Comparing the simulation tools with an experimental setup yielded similar results in terms of Water Heat Gain over three days in summer, when the EPW weather file used for simulation replicated the measured outdoor conditions. Significant discrepancies were found between the measured and simulated indoor temperatures, with an initial coefficient of determination (R²) of 0.41. Two iterations improved the simulation; adjusting the room geometry resulted in an R² of 0.81, and integrating measured inlet temperature data increased it to 0.97.

The simulation software tool is currently in the experimental phase, so further development is necessary, especially regarding the user interface. The first limitation is that incorporating more Water Flow Glazing options and case studies requires proficiency in programming software such as FORTRAN and C++, so lay users cannot create their own WFG panels. Therefore, the users of this tool can only work with limited WFG options. A closer relationship with industry stakeholders and glass manufacturers is essential for selecting valid WFG compositions suitable for each climate and energy strategy. Another limitation of the proposed tool is the use of a simplified model that disregards the thermal mass of the various WFG layers and resolves a system of algebraic equations. A complete model that acknowledges the thermal mass and considers each layer as a partial differential equation requires greater computational effort. The tool must be tested against more empirical data from prototypes in various locations to validate the accuracy of the simplified model.

Overall, the findings of this report contribute to a deeper understanding of the diverse capabilities of different building energy simulation (BES) tools.

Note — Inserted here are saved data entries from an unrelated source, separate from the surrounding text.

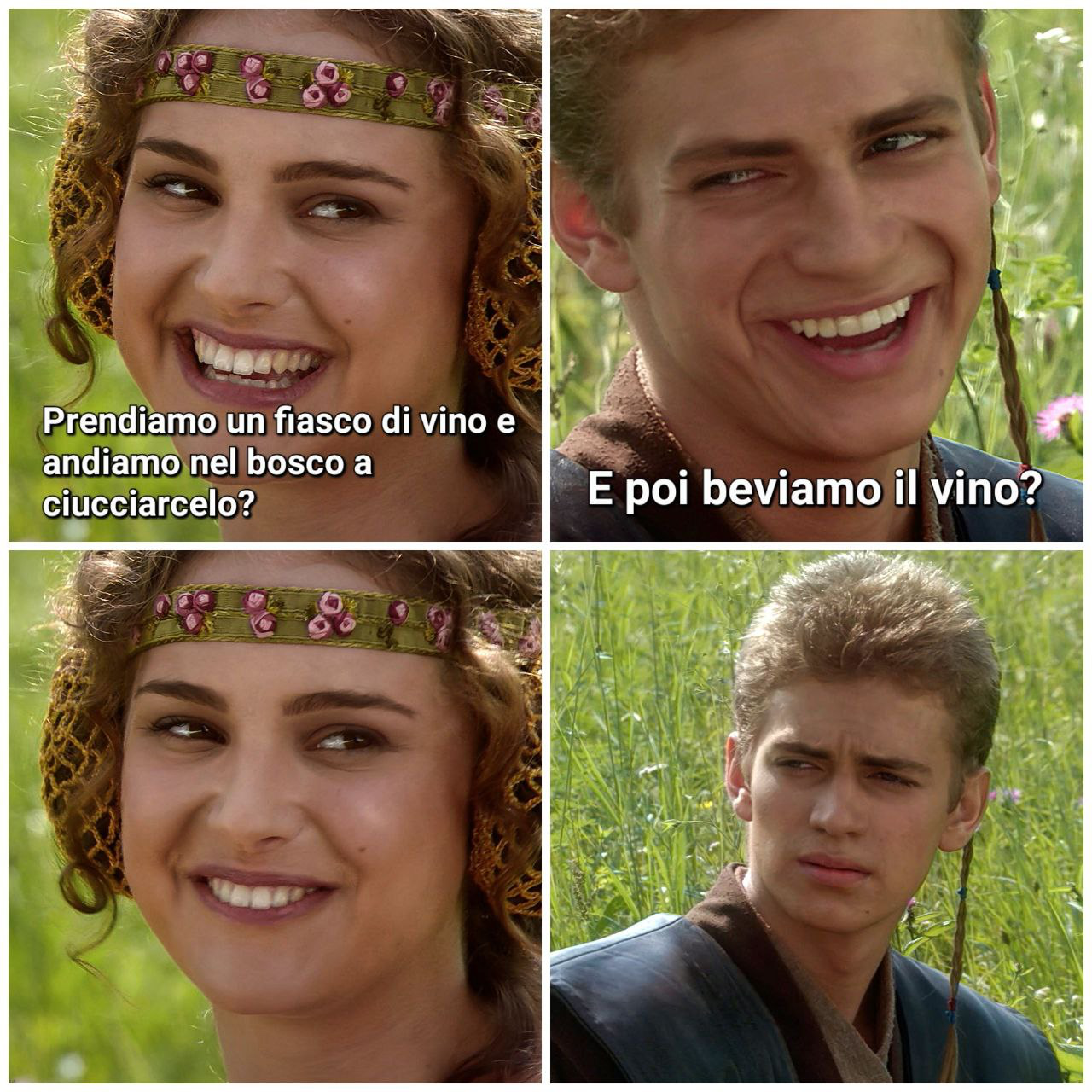 Ci prendiamo una bottiglia di vino, andiamo nel bosco e ce lo ciucciamo. E poi beviamo anche il vino.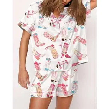 Show more The ultimate blend of comfort and style, this women’s two-piece pajama set embraces a cute design that is hard to resist. Crafted by a trusted brand, it features long sleeves, a chic lapel collar, and a charming front button closure. The playful cartoon and fruit prints add a delightful touch to your loungewear, making you feel stylish even in the comfort of your home. The matching high waist shorts complete the look, providing an elegant and cozy fit.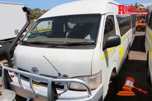 2010 TOYOTA HI-ACE COMMUTER BUS, WHITE, 2WD, MANUAL, P/S, A/C, DIESEL, (REG#UNLIC) ODO# 95,917 KMS SHOWING ON CLOCK, VIN# JTFST22P900009325, 14 SEATER BUS, INTERNAL ROPS, ALUMINIUM ROO BAR, FL# BS1078 (PART OF DASH REMOVED) PRDA#201812665731 KEY#162 (W7761)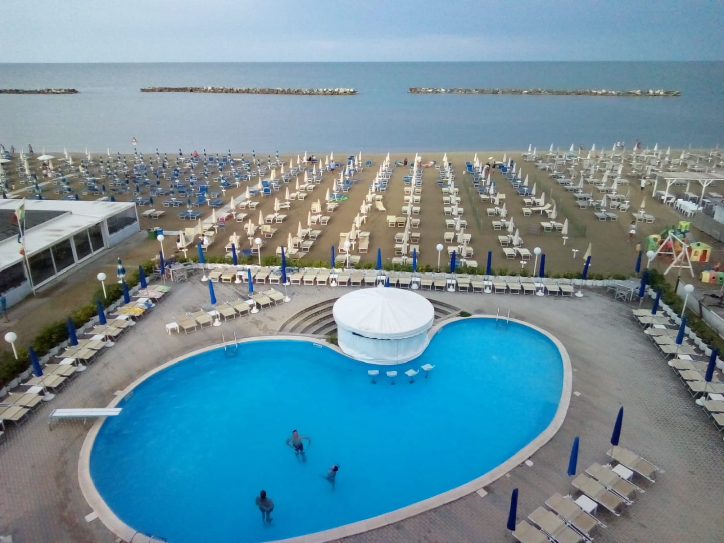 Blick vom 3. Stock auf Pool und angrenzendes Strandbad "Bagno Azzuro"

Further studies must continue to carry out these comparisons to establish a set of parameters that can help building designers increase their confidence and understanding of using Building Energy Simulation software. Additionally, the proposed methodology must be tested in buildings with more complex heating, ventilation, and air conditioning systems and compared with recorded values from monitoring systems.

 

Editorial Notes:
1. Figures 5 and 6 were incorrectly inserted, and therefore do not fit entirely on the sheet.

Thank you for pointing out this issue. We have changed the format of Figures 5 and 6 to fit the image on the page.

Round 2

Reviewer 1 Report

Comments and Suggestions for Authors

This article has been revised in detail, and the author has also completed the experiment. It is a very meaningful research. I hope to continue to see your research in the future.

Reviewer 2 Report

Comments and Suggestions for Authors

Dear Authors,

I wanted to reach out and express my sincerest appreciation for your efforts in reviewing the MS. I can confirm that you:

• addressed the literature review insufficiencies by adding new references that strengthens the existing body of knowledge, particularly from the last five years.
• clarified whether the WFG panel solution was native to the software and provided appropriate disclosure.
• addressed concerns regarding the EPW file, specifically its location and data source.
• The inclusion of "Section 4: Description of the Experimental Prototype" and "Section 3: Experimental Validation in a Prototype with a Water Flow Glazing Facade—Transient-State Case 3" substantially improves the overall quality by enabling direct comparisons. Figure 12 is particularly enlightening. While the prototype differs from the computational model in volume at this stage, it would be valuable to achieve identical conditions in future research.
• addressed my previous comments regarding the figures cuted/hidden part. The figures now display properly, and the methodology has undergone extensive revision, appearing more robust. The addition of the “physical prototype” with photos and results significantly strengthened this aspect.

Thank you and all the best in your future research!

Reviewer 5 Report

Comments and Suggestions for Authors

The authors provided comprehensive responses to the comments in the review. The article has been significantly improved. I recommend its publication in its current form.